Bettington had kept up his golf, and won both the Australian Amateur and NSW Amateur titles in 1932. In 1932 he captained New South Wales at both cricket and golf. Playing together, he and Marion won the New South Wales mixed foursomes title three years in a row.[32]

England, war and New Zealand

In 1938 the Bettingtons moved to London, where Reg took up a position in Harley Street and was accepted into the Royal College of Surgeons. He played his last two first-class matches in 1938, for Free Foresters and MCC.
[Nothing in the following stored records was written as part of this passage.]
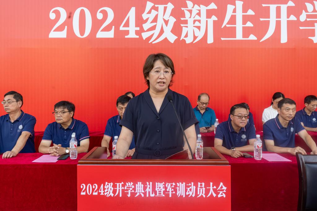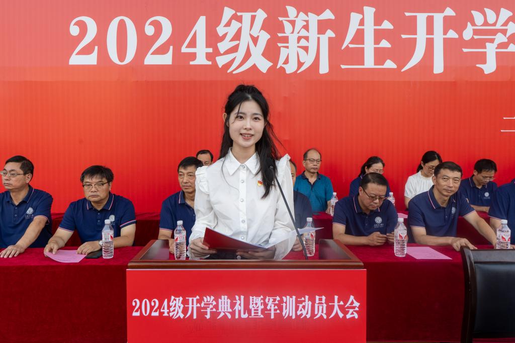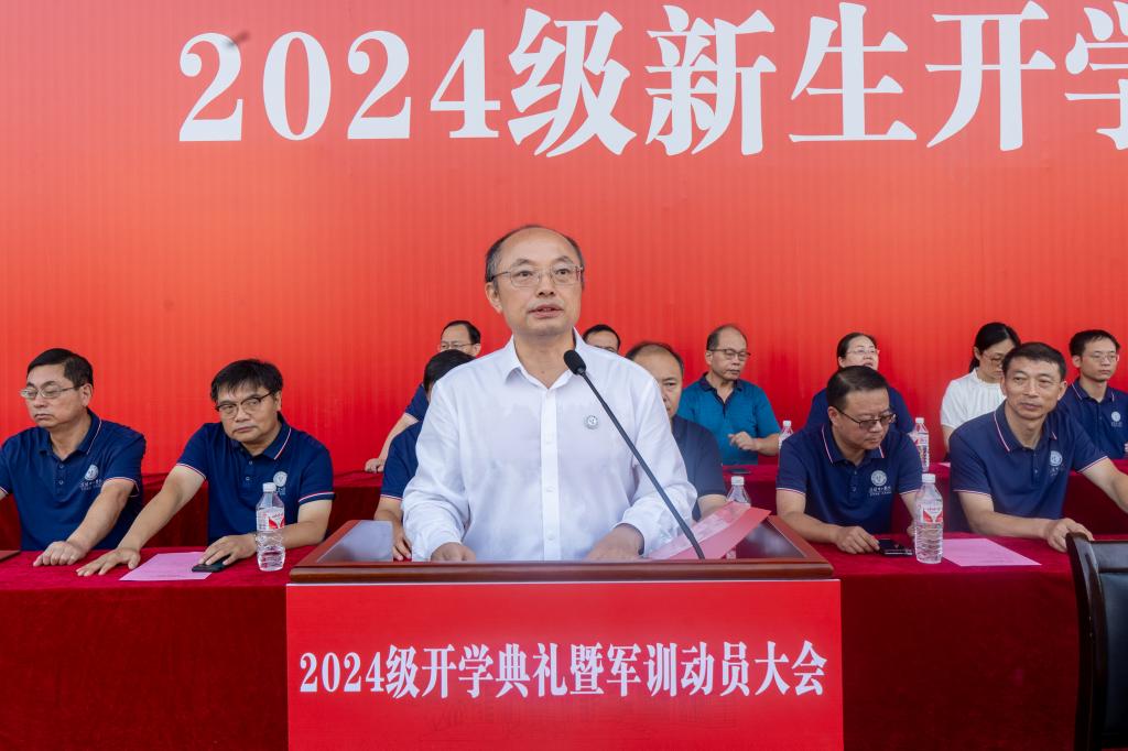 校长张友兵代表全体师生员工向2024级新生表示欢迎,发表题为“不负韶华 砥砺奋进 做强国建设的新质青年”的讲话,并寄语2024级新生,要胸怀家国,树立投身强国建设的远大目标,扣好人生第一颗扣子,用鸿鹄之志开启大学之旅;要修炼自身,涵养道德品行,做一个自觉、自律、自信、自强的人;要博学笃行,充分利用好0.01的差距,筑牢知识之基,从“要我学”转变成“我要学”;要持续创新,砥砺奋斗,敢于知难而进,不负韶华、不负时代,用智慧和汗水谱写属于自己的无悔青春,努力成长为强国建设的新质青年。
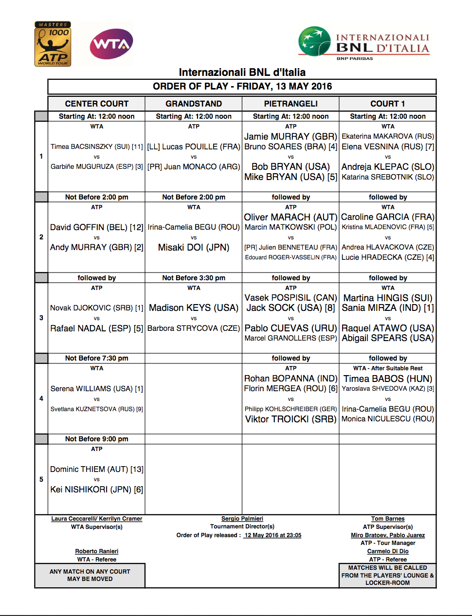 PIETRANGELI – Giornata di doppi sul Pietrangeli dove apriranno i giochi Jamie Murray e Bruno Soares contro i fratelli Bryan, a seguire Marach e Matwoski contro Bennetau e Roger Vasselin, Pospisil/Sock contro Cuevas/Granollers e Bopanna/Mergea contro Kohlschreiber/Troicki.
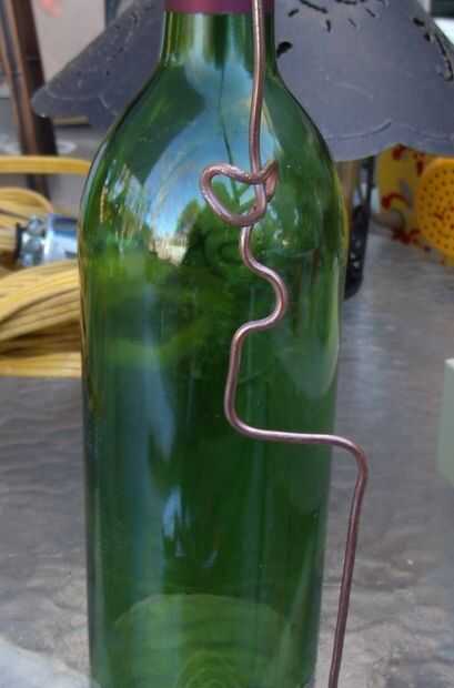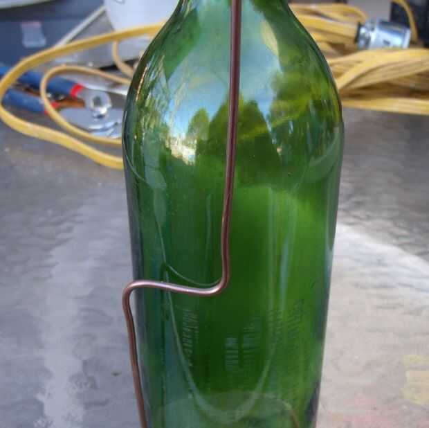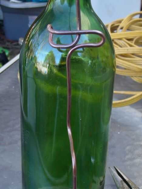 Globo ocular donde empieza el hombro de la botella y hacer un par de lazos en el cable (esto impide que el cable tirando hasta la fecha.) Pongo otra curva en el bucle del cable porque hice un poco a todo.
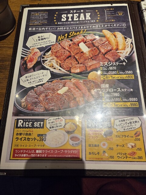 ステーキ食べたい方は是非ここへ!肉を食べた感があります!初めてだったので、色々と悩んで、ステーキとハンバーグのセットにしました!
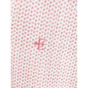 White with a Geometric Pint in the Color "Tango" Which is a Coral Pink/Orange Color
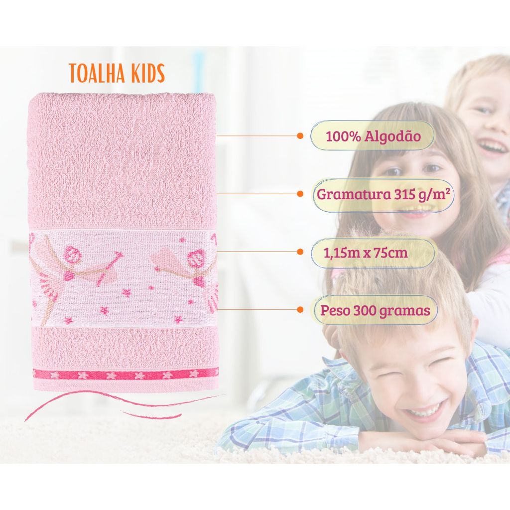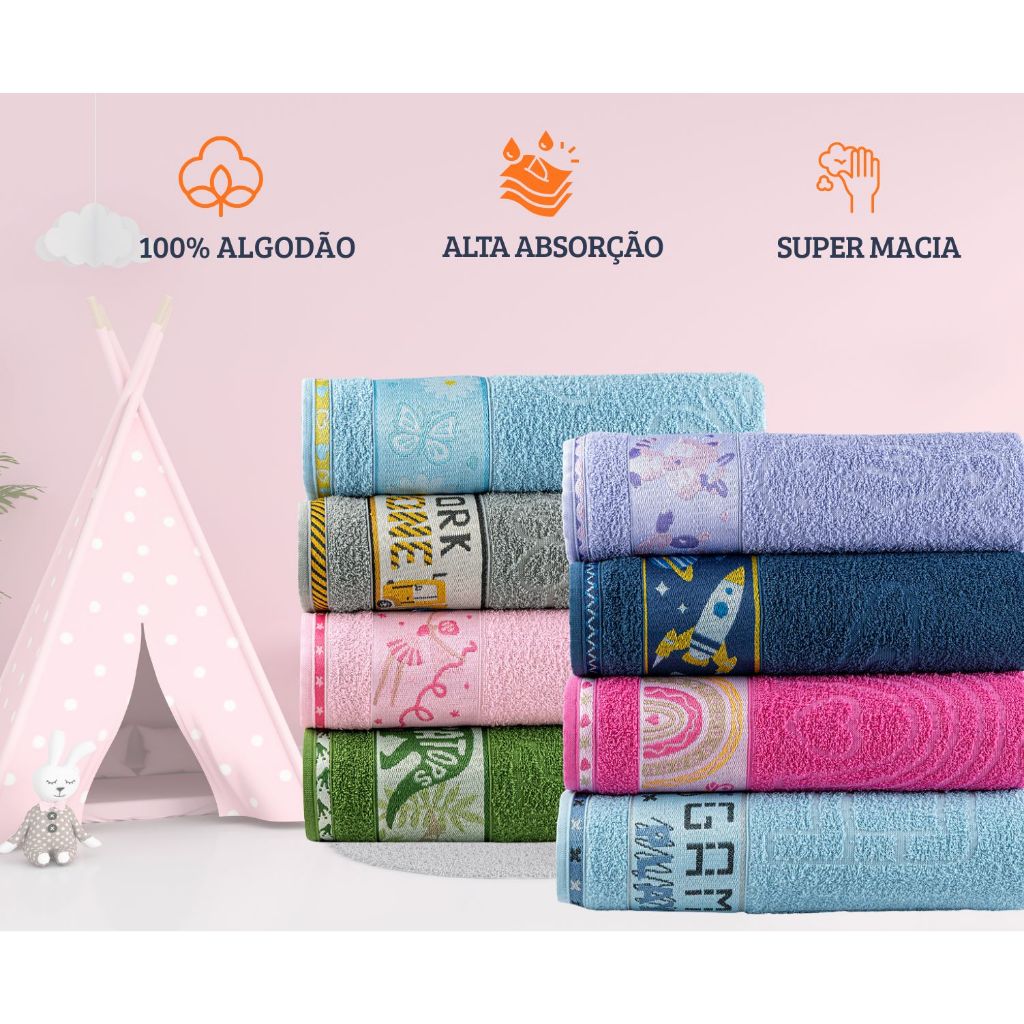 Toalha De Banho Kids Algodão Kit Com 2 Toalhas Infantil
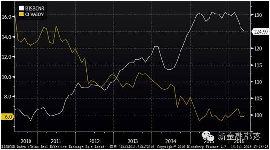 图:人民币实际有效汇率(白)、工业增加值增速(黄)
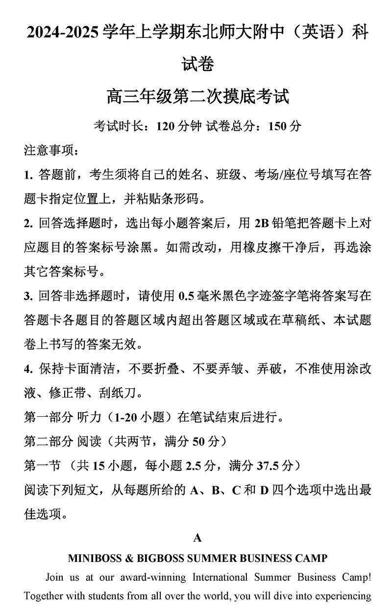 东北师大附中2024-2025学年高三第二次摸底英语考试已于近日开考,为方便考生考后及时查看考试情况,查漏补缺、弥补不足,本文整理了试题答案解析相关信息!
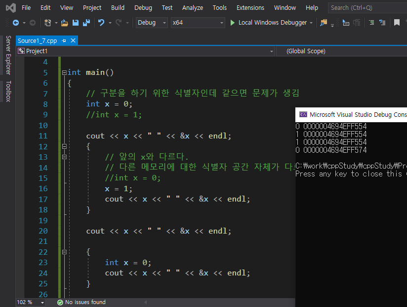 첫 중괄호에서 새로운 지역 변수 x를 할당하는 것이 아닌 x를 1로 만들고서 메모리 주소를 출력하기만 했다. 메모리 주소는 변하지 않았고 기존의 x의 값만 바꾼 것을 알 수가 있다.
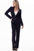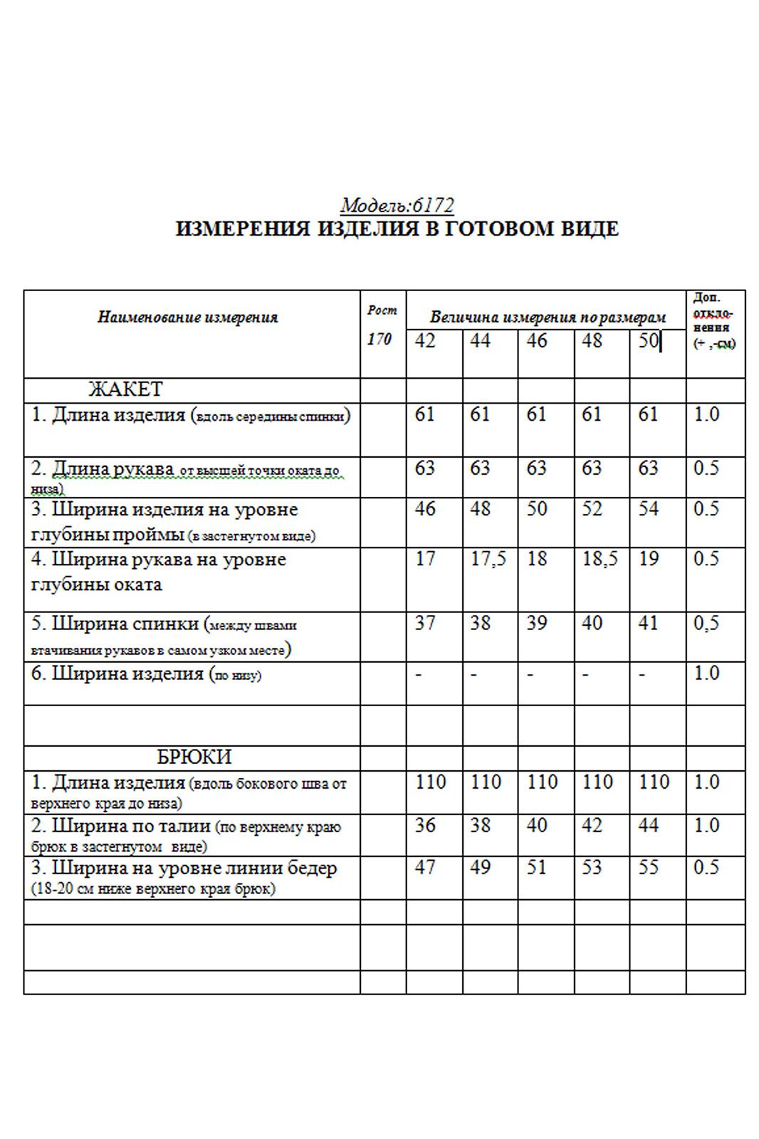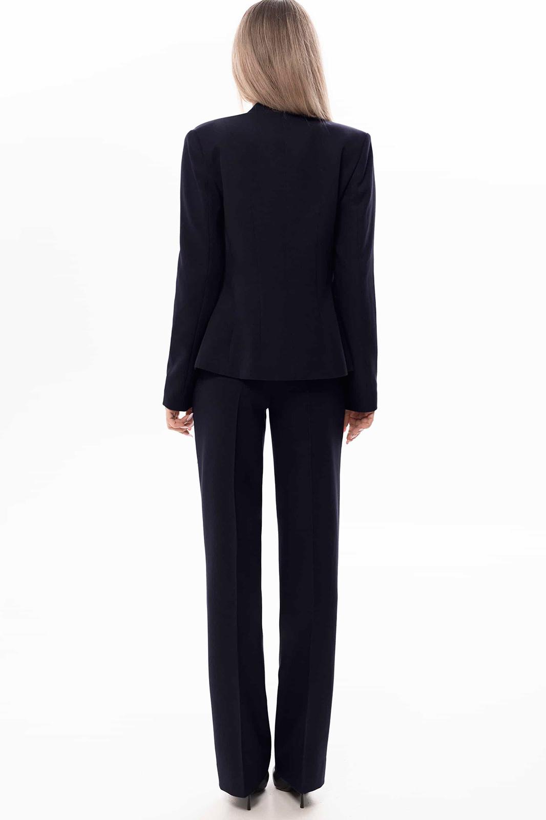 Цветовая гамма для верха, подкладки, фурнитуры, отделки:Жакет и брюки выполнены из эластичной ткани одного вида. Фурнитура металлическая (черненый никель). Все отделочные строчки выполнены в тон основной ткани. Подкладка жакета – контрастный жаккард с рисунком.
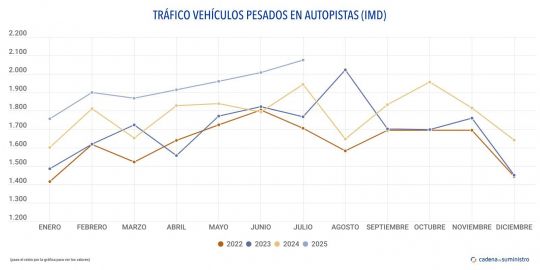 Durante el pasado mes de julio un promedio de 2.076 camiones ha circulado a diario por las autopistas de peaje del país, un 6,9% más que hace un año.
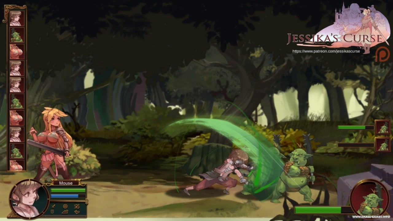 Особенностью “Проклятие Джессики” является система получения урона, что заменена в этой игре на повышение похоти девушек, что входят в состав группы пользователя. При заполнении соответствующей шкалы, воительницы начинают игнорировать команды геймера и отдаются сексуальному возбуждению, постепенно раздеваясь. Когда девочка доходит до пика, противник применяет специальный скилл, что вырубает красотку в максимально сексуальной манере. Такие же виды атак применяют и виртуальные протеже, что пытаются возбудить оппоненток и воспользоваться их состоянием.

With the approach of war, he and Marion decided to return to Australia. Major Bettington served as a medic in the Army from April 1940 to December 1945,[33] including four years in battle zones in the Middle East and Papua.[34] Their daughter Victoria was born in Sydney in May 1945.[35]

After the war he worked at Concord Hospital in Sydney. In the 1950s Marion, visiting her mother in New Zealand, saw a vacancy for an ear, nose and throat specialist at Napier Hospital, and Reg applied and was successful. He spent the rest of his life in that position.[36]

Death and family

Reg Bettington died when his car left the road while he was driving to a clinic in Gisborne on a foggy day in 1969. He was survived by Marion and their daughter, Victoria.[37]

Reg's elder brother John (1898–1931)[38] played first-class cricket for Oxford University and New South Wales.